The above objects and advantages of the present invention will become more readily apparent to those ordinarily skilled in the art after reviewing the following detailed description and accompanying drawings, in which:

BRIEF DESCRIPTION OF THE DRAWINGS

FIG. 1 is a schematic perspective view illustrating the structure of a cutting mechanism according to an embodiment of the present invention;

FIG. 2 is a schematic perspective view illustrating the structure of the cutting mechanism shown in FIG. 1 and taken along another viewpoint;

FIG. 3 is a schematic exploded view illustrating the structure of the cutting mechanism shown in FIG. 1 ;

FIG. 4 is a schematic exploded view illustrating a lubricating assembly shown in FIG. 3 ;

FIG. 5 is a schematic cross-sectional view illustrating the structure of the cutting mechanism shown in FIG. 1 and taken along the line AA;

FIG. 6 is a schematic cross-sectional view illustrating the cutting mechanism shown in FIG. 5 after the movable knife of the knife assembly is moved upwardly; and

FIG. 7 is a schematic perspective view illustrating the cutting mechanism shown in FIG. 1 when the lubricating assembly is pivotally moved relative to the casing.

DETAILED DESCRIPTION OF THE PREFERRED EMBODIMENT

The present invention will now be described more specifically with reference to the following embodiments. It is to be noted that the following descriptions of preferred embodiments of this invention are presented herein for purpose of illustration and description only. The direction terms mentioned in the present invention, such as “upper”, “lower”, “inner”, “outer”, “side”, etc., are only the directions for referring to the attached drawings. Therefore, the directional terms are used to describe and understand the present invention, not to limit the present invention.
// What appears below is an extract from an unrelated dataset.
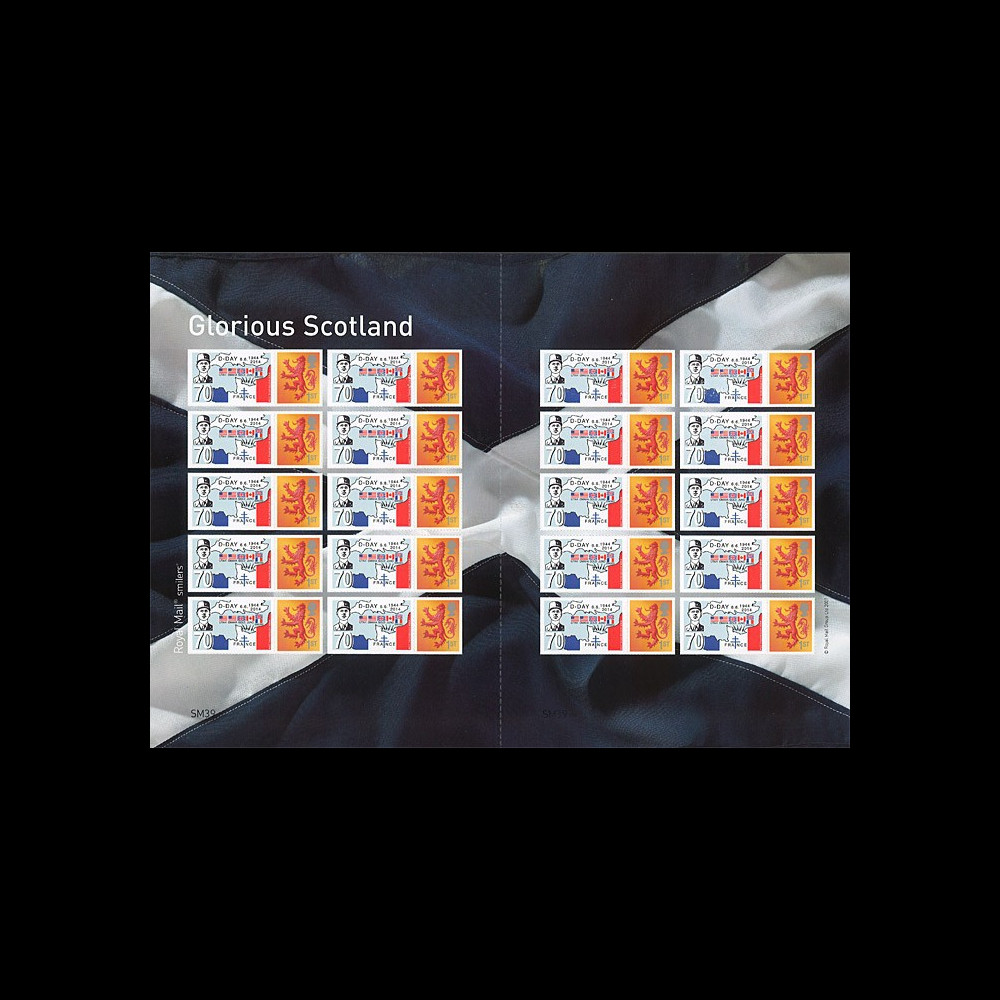 N°DEB14-09F : UNITED KINGDOM Sheetlet of 20 values Personalized stamps First Class “June 6, 1944-2014 : 70th anniversary of the Landing in Normandy (D-DAY) - General DE GAULLE and Cross of Lorraine / UTAH BEACH (US Soldiers - USA) - OMAHA BEACH (US Soldiers - USA) - GOLD BEACH (English Soldiers - United Kingdom) - JUNO BEACH (Canadian Soldiers - Canada) - SWORD BEACH (English and French Soldiers - United Kingdom and France) / 1939-45 : World War 2 (WWII) / Glorious Scotland - Scottish Lion" (Size : 210 x 297 mm ; unfolded) 2014 :

Please refer to FIGS. 1 to 7 . FIG. 1 is a schematic perspective view illustrating the structure of a cutting mechanism according to an embodiment of the present invention and taken along a viewpoint. FIG. 2 is a schematic perspective view illustrating the structure of the cutting mechanism shown in FIG. 1 and taken along another viewpoint. FIG. 3 is a schematic exploded view illustrating the structure of the cutting mechanism shown in FIG. 1 . FIG. 4 is a schematic exploded view illustrating a lubricating assembly shown in FIG. 3 . FIG. 5 is a schematic cross-sectional view illustrating the structure of the cutting mechanism shown in FIG. 1 and taken along the line AA. FIG. 6 is a schematic cross-sectional view illustrating the cutting mechanism shown in FIG. 5 after the movable knife of the knife assembly is moved upwardly. FIG. 7 is a schematic perspective view illustrating the cutting mechanism shown in FIG. 1 when the lubricating assembly is pivotally moved relative to the casing.
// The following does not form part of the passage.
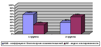 Сравнивались результаты групп по уровню КБВ (коэффициент благополучия взаимоотношений) и ИИ (индекс изолированности), позволило обнаружить различия данного параметра. В первой группе он составляет 68% детей, во второй группе – 40% детей. Это говорит о том, что большинство детей первой группы находятся в благоприятной статусной категории. В то же время, анализ результатов индекса изолированности показывает, что в первой группе детей имеющих такой статус, значительно меньше, чем во второй группе. Их соотношения равны: первая группа – 32%, вторая группа – 60%. Таким образом, можно констатировать, что индекс изолированности действительно отражает существенные качественные характеристики внутригрупповых процессов (Рис. 4).

The cutting mechanism 1 shown in FIGS. 1 to 7 is located beside a side of a printing device (not shown). It is noted that the relative positions between the cutting mechanism 1 and the printing device are not restricted. The cutting mechanism 1 is used to cut labels from the printing device. In an embodiment, the labels from the printing device are linerless labels. It is noted that the examples of the labels are not restricted. The structure of the printing device 1 for generating the linerless labels are well known to those skilled in the art, and not redundantly described herein. For brevity, only the structure of the cutting mechanism 1 will be described in more detail as follows.
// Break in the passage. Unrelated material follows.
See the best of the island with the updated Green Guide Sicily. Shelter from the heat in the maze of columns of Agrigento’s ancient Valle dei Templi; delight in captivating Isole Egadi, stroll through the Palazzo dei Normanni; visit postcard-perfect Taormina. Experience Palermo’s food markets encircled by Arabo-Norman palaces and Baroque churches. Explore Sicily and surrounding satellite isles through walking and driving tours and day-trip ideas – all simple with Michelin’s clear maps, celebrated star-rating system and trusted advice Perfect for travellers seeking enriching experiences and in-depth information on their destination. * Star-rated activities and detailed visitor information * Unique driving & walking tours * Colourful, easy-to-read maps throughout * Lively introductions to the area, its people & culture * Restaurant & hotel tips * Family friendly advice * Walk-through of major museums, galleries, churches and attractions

Please refer to FIGS. 1 to 7 . In an embodiment, the cutting mechanism 1 comprises a casing 10, a knife assembly 11 and a lubricating assembly 12. The casing 10 comprises an opening 100. The knife assembly 11 is disposed within the casing 10. The knife assembly 11 comprises a base 111 and a movable knife 112. The movable knife 112 is installed on the base 111. The movable knife 112 of the knife assembly 11 can be moved upwardly or downwardly relative to the base 111. While the movable knife 112 is moved upwardly or downwardly, the labels from the printing device can be cut by the movable knife 112. In addition, the movable knife 112 is exposed through the opening 100 of the casing 10. The lubricating assembly 12 comprises a support frame 121 and at least one oil-absorbing element 122. The at least one oil-absorbing element 122 is installed on the support frame 121. In addition, lubricating oil is absorbed in the at least one oil-absorbing element 122.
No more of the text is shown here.